Het is, for example, 2- or 3-furyl, 2- or 3-thienyl, 1-, 2- or 3-pyrrolyl, 1-, 2-, 4- or 5-imidazolyl, 1-, 3-, 4- or 5-pyrazolyl, 2-, 4- or 5-oxazolyl, 3-, 4- or 5-isoxazolyl, 2-, 4- or 5-thiazolyl, 3-, 4- or 5-isothiazolyl, 2-, 3- or 4-pyridyl, 2-, 4-, 5- or 6-pyrimidinyl, furthermore preferably 1,2,3-triazol-1-, -4- or -5-yl, 1,2,4-triazol-1-, -3- or 5-yl, 1- or 5-tetrazolyl, 1,2,3-oxadiazol-4- or -5-yl, 1,2,4-oxadiazol-3- or -5-yl, 1,3,4-thiadiazol-2- or -5-yl, 1,2,4-thiadiazol-3- or -5-yl, 1,2,3-thiadiazol-4- or -5-yl, 3- or 4-pyridazinyl, pyrazinyl, 1-, 2-, 3-, 4-, 5-, 6- or 7-indolyl, 4- or 5-isoindolyl, 1-, 2-, 4- or 5-benzimidazolyl, 1-, 3-, 4-, 5-, 6- or 7-benzopyrazolyl, 2-, 4-, 5-, 6- or 7-benzoxazolyl, 3-, 4-, 5-, 6- or 7-benzisoxazolyl, 2-, 4-, 5-, 6- or 7-benzothiazolyl, 2-, 4-, 5-, 6- or 7-benzisothiazolyl, 4-, 5-, 6- or 7-benz-2,1,3-oxadiazolyl, 2-, 3-, 4-, 5-, 6-, 7- or 8-quinolyl, 1-, 3-, 4-, 5-, 6-, 7- or 8-isoquinolyl, 3-, 4-, 5-, 6-, 7- or 8-quinolinyl, 2-, 4-, 5-, 6-, 7- or 8-quinazolinyl, 5- or 6-quinoxalinyl, 2-, 3-, 5-, 6-, 7- or 8-2H-benzo-1,4-oxazinyl, furthermore preferably 1,3-benzodioxol-5-yl, 1,4-benzodioxan-6-yl, 2,1,3-benzothiadiazol-4- or -5-yl or 2,1,3-benzoxadiazol-5-yl.

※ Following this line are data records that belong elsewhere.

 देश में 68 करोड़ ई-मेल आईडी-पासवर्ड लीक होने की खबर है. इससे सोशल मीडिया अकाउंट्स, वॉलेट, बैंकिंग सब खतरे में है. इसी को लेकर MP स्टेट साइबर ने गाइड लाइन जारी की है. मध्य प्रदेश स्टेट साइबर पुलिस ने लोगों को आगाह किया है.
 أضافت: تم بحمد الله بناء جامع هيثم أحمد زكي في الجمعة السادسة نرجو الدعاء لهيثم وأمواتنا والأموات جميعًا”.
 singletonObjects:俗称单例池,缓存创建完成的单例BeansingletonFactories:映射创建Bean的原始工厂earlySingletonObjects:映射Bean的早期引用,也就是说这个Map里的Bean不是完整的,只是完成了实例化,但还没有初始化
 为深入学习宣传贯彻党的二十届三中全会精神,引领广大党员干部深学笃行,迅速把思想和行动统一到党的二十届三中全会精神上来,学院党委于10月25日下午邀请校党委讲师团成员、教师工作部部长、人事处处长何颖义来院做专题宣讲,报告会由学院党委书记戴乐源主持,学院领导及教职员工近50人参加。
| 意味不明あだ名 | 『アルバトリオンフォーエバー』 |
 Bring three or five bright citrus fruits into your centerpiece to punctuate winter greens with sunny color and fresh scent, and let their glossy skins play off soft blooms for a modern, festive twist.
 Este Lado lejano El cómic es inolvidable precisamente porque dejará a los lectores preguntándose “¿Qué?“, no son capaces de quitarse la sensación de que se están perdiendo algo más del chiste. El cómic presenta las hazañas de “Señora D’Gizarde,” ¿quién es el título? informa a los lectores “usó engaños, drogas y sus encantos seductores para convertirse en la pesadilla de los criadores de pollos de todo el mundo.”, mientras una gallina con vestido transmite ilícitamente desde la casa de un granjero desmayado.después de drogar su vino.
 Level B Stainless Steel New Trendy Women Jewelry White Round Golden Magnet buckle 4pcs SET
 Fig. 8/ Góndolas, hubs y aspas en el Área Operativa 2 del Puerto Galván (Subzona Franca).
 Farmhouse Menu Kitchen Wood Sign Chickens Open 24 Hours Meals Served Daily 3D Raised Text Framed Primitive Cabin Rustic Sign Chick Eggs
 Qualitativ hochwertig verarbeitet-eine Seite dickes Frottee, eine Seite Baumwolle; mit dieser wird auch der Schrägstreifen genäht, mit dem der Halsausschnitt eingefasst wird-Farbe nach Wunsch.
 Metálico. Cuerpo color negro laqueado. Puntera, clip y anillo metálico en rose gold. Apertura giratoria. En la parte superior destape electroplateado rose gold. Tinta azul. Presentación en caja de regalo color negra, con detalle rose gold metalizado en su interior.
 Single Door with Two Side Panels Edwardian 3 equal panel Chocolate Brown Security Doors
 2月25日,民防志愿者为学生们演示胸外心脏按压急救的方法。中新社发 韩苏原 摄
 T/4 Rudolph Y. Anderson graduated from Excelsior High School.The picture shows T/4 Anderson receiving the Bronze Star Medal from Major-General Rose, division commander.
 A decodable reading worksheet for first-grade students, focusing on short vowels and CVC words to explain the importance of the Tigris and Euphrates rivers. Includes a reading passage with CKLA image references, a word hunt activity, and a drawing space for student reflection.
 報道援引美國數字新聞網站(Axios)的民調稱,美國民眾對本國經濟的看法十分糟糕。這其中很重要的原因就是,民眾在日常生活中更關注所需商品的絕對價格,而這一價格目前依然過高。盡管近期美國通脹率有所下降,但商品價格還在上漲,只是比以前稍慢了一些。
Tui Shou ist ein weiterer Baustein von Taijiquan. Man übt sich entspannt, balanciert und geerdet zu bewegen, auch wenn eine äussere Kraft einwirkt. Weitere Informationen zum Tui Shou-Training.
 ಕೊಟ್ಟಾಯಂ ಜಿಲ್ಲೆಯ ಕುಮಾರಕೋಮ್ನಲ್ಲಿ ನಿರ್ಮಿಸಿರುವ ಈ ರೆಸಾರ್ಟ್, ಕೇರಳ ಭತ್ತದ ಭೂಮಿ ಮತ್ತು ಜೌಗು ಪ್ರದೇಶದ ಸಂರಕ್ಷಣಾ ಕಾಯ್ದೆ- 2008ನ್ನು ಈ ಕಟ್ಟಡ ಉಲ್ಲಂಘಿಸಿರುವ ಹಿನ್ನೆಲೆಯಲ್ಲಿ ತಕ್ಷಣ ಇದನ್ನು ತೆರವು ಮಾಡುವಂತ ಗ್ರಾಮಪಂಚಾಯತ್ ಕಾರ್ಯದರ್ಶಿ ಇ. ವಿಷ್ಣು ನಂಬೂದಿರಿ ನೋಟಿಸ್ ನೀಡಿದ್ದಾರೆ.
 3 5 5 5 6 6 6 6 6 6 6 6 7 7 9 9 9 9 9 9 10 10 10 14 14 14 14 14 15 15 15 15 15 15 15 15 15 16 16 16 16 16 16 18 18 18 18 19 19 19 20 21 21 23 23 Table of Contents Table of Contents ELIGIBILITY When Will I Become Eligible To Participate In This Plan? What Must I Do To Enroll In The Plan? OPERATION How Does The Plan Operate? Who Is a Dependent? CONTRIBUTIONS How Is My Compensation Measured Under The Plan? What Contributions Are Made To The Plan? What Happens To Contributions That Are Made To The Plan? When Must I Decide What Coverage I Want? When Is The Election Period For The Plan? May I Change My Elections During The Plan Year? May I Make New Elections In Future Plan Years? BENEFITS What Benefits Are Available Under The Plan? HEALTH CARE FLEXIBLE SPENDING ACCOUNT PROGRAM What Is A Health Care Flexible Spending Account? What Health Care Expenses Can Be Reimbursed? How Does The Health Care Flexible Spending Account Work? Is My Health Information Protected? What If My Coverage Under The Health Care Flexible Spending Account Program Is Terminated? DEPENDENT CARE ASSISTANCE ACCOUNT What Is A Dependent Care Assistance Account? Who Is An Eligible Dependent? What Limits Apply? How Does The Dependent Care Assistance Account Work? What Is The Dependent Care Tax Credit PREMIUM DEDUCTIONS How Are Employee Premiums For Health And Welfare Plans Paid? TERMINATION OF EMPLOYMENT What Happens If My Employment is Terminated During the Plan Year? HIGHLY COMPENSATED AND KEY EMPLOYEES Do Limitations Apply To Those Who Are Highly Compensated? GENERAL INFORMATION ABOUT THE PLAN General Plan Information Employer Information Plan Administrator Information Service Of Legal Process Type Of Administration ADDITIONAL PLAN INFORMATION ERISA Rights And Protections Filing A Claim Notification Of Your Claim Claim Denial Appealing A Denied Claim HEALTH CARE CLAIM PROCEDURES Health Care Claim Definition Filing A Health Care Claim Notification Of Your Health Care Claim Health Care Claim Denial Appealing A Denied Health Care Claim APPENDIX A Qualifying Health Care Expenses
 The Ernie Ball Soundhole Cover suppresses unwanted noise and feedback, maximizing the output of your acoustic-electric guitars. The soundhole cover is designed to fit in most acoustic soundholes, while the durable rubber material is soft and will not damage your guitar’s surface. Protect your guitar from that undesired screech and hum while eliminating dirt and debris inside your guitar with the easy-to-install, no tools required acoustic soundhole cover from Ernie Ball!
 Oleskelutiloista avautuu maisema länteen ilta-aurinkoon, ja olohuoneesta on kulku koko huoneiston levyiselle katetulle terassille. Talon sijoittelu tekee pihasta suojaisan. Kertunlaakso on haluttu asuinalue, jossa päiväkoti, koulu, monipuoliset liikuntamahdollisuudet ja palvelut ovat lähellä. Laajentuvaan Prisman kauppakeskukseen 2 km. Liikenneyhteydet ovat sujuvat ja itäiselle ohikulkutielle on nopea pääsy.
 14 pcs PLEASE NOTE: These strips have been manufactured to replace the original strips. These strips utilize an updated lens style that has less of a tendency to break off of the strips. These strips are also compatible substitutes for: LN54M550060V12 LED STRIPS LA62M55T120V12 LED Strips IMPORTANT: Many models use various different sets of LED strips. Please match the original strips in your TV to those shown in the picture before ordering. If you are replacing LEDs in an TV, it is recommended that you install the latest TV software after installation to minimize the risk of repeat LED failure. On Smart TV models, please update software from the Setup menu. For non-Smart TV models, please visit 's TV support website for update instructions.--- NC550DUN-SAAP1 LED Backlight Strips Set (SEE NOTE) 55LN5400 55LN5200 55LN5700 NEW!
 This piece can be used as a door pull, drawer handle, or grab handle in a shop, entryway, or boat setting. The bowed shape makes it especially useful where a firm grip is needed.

The heterocyclic radicals may also be partially or fully hydrogenated. Het can thus, for example, also be 2,3-dihydro-2-, -3-, -4- or -5-furyl, 2,5-dihydro-2-, -3-, -4- or 5-furyl, tetrahydro-2- or -3-furyl, 1,3-dioxolan-4-yl, tetrahydro-2- or -3-thienyl, 2,3-dihydro-1-, -2-, -3-, -4- or -5-pyrrolyl, 2,5-dihydro-1-, -2-, -3-, -4- or -5-pyrrolyl, 1-, 2- or 3-pyrrolidinyl, tetrahydro-1-, -2-or-4-imidazolyl, 2,3-dihydro-1-, -2-, -3-, -4- or -5-pyrazolyl, tetrahydro-1-, -3- or -4-pyrazolyl, 1,4-dihydro-1-, -2-, -3- or -4-pyridyl, 1,2,3,4-tetrahydro-1-, -2-, -3-, -4-, -5- or -6-pyridyl, 1-, 2-, 3- or 4-piperidinyl, 2-, 3- or 4-morpholinyl, tetrahydro-2-, -3- or -4-pyranyl, 1,4-dioxanyl, 1,3-dioxan-2-, -4- or -5-yl, hexahydro-1-, -3- or -4-pyridazinyl, hexahydro-1-, -2-, -4- or -5-pyrimidinyl, 1-, 2- or 3-piperazinyl, 1,2,3,4-tetrahydro-1-, -2-, -3-, -4-, -5-, -6-, -7- or -8-quinolyl, 1,2,3,4-tetrahydro-1-,-2-,-3-, -4-, -5-, -6-, -7- or -8-isoquinolyl, 2-, 3-, 5-, 6-, 7- or 8-3,4-dihydro-2H-benzo-1,4-oxazinyl, furthermore preferably 2,3-methylenedioxyphenyl, 3,4-methylenedioxyphenyl, 2,3-ethylenedioxy-phenyl, 3,4-ethylenedioxyphenyl, 3,4-(difluoromethylenedioxy)phenyl, 2,3-dihydrobenzofuran-5- or 6-yl, 2,3-(2-oxo-methylenedioxy)phenyl or alternatively 3,4-dihydro-2H-1,5-benzodioxepin-6- or -7-yl, furthermore preferably 2,3-dihydrobenzofuranyl or 2,3-dihydro-2-oxofuranyl.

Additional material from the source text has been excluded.